Can someone explain why this is happening and how does one fix these. Currently I have to copy from the old and paste into the new. Extremely time consuming. I have to do this for every journal that has french.
I suspect you inadvertently changed your UTF8 configuration when you migrated – either the database settings in your config.inc.php configuration file, or perhaps when you created the new database and moved the old content over using probably the mysql and mysqldump tools. I wouldn’t suggest correcting this manually. I’d suggest checking your settings and finding out where the configuration mismatch occurred, then fixing it there.
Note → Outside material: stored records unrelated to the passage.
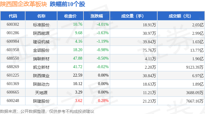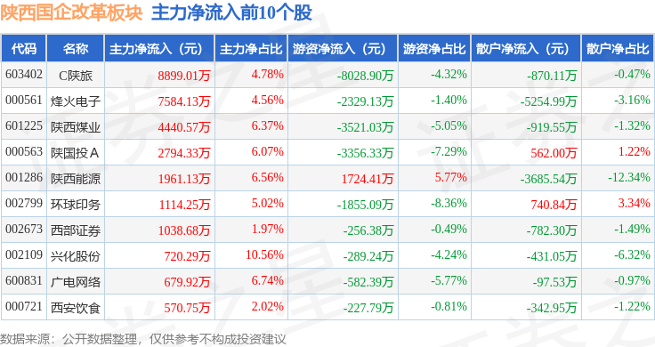 从资金流向上来看,当日陕西国企改革板块主力资金净流出3.84亿元,游资资金净流入6911.05万元,散户资金净流入3.15亿元。陕西国企改革板块个股资金流向见下表: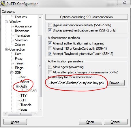 Im nächsten Schritt muss die Datei mit dem SSH-Key auswählen, den man auf dem Router hinterlegt hat. Dies geschieht über die Einstellung Private key file for authentication unter Connection → SSH → Auth. Danach kann man unter Session die Einstellungen mit einem Namen bei Saved Sessions versehen und mit Save abspeichern und die SSH-Verbindung mit Open starten.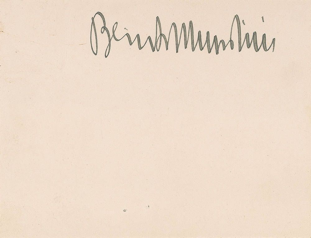 Vintage ink signature, “Benito Mussolini,” on an off-white 5 x 4 card. In fine condition, with a paperclip impression to the left of the signature and staple holes to the lower border. Accompanied by two letters of transmittal dated 1928, signed by Italian Consul Generals Zunini and Ferme.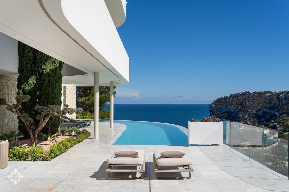 Exklusive Luxusvilla in der begehrtesten Gegend von Jávea mit atemberaubendem Panoramablick auf das Mittelmeer und privatem Pool. Für bis zu 8 Gäste geeignet.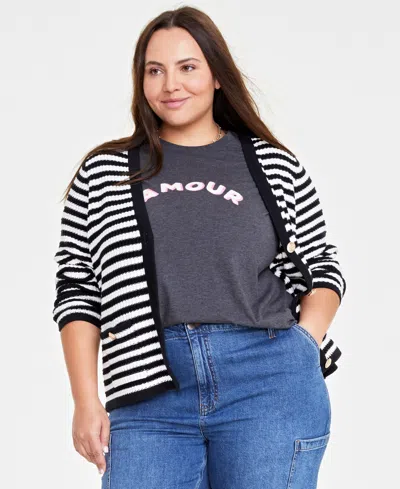Trendy Plus Size Short-sleeve Tipped Sweater, Macy's Exclusive In Gray

If you go ahead with manual corrections, you’ll need to do this manually in a lot of places.
Regards,
Alec Smecher
Public Knowledge Project Team
Hi @asmecher,
The one journal in question was using OJS-2.3.7 Here is the part in config.inc.php.
; Default locale
locale = en_US
; Client output/input character set
client_charset = utf-8
; Database connection character set
; Must be set to “Off” if not supported by the database server
; If enabled, must be the same character set as “client_charset”
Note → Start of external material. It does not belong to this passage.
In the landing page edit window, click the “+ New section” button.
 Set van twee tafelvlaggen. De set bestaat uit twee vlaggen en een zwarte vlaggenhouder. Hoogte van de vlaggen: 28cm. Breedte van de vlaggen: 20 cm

; (although the actual name may differ slightly depending on the server)
connection_charset = Off
; Database storage character set
; Must be set to “Off” if not supported by the database server
database_charset = Off
; Enable character normalization to utf-8 (recommended)
; If disabled, strings will be passed through in their native encoding
; Note that client_charset and database collation must be set
; to “utf-8” for this to work, as characters are stored in utf-8
charset_normalization = Off
The same journal migrated to OJS-2.4.7.1
Here is the same part in config.inc.php.
; Default locale
locale = en_US
; Client output/input character set
client_charset = utf-8
; Database connection character set
; Must be set to “Off” if not supported by the database server
; If enabled, must be the same character set as “client_charset”
; (although the actual name may differ slightly depending on the server)
connection_charset = utf8
; Database storage character set
; Must be set to “Off” if not supported by the database server
database_charset = utf8
; Enable character normalization to utf-8 (recommended)
; If disabled, strings will be passed through in their native encoding
; Note that client_charset and database collation must be set
; to “utf-8” for this to work, as characters are stored in utf-8
charset_normalization = utf-8
As you can see in the old version client_charset = utf-8 was the only one defined. I went in and defined all the others.
Should I have left the other off?
I would suggest using the same settings as your old installation to make sure your transfer went smoothly and no new problems were introduced. Your old installation was not properly configured for UTF-8 in the database, and in order to fix that you’ll likely have to generate a database dump, transcode it with something like iconv, and load it – but it’s best not to solve this at the same time as changing servers, because you’ll compound any problems that either process might introduce.
Regards,
Alec Smecher
Public Knowledge Project Team
charset_normalization should generally be Off. It used to be useful when some browsers and servers weren’t reliably using UTF-8, but not anymore. You can change this setting whenever you want without garbling your existing database. Only new content will be affected by the change.
Regards,
Alec Smecher
Public Knowledge Project Team
I had the same issue when I migrated to a newer version, however, changing the collation of the new database never resolved the problem. In addition, I found that UTF8 was not working for me in many cases, for instance this name “Šimončičová” wasn’t as expected and I changed to “utf8mb4_unicode_ci” and I manually edited the texts. Hope you permanently resolved the issue!
If you already have content in your database that’s not properly UTF-8 encoded, you may need to transcode your database. You can do this by running a mysqldump through a transcoder like iconv and then loading the result back in to MySQL.
Regards,
Alec Smecher
Public Knowledge Project Team
Thanks – and I think I’ll also remove it from the master branch entirely. It’s not harmful, but it’s no longer useful; a few years ago when some platforms didn’t properly support UTF8, it helped.
Regards,
Alec Smecher
Public Knowledge Project Team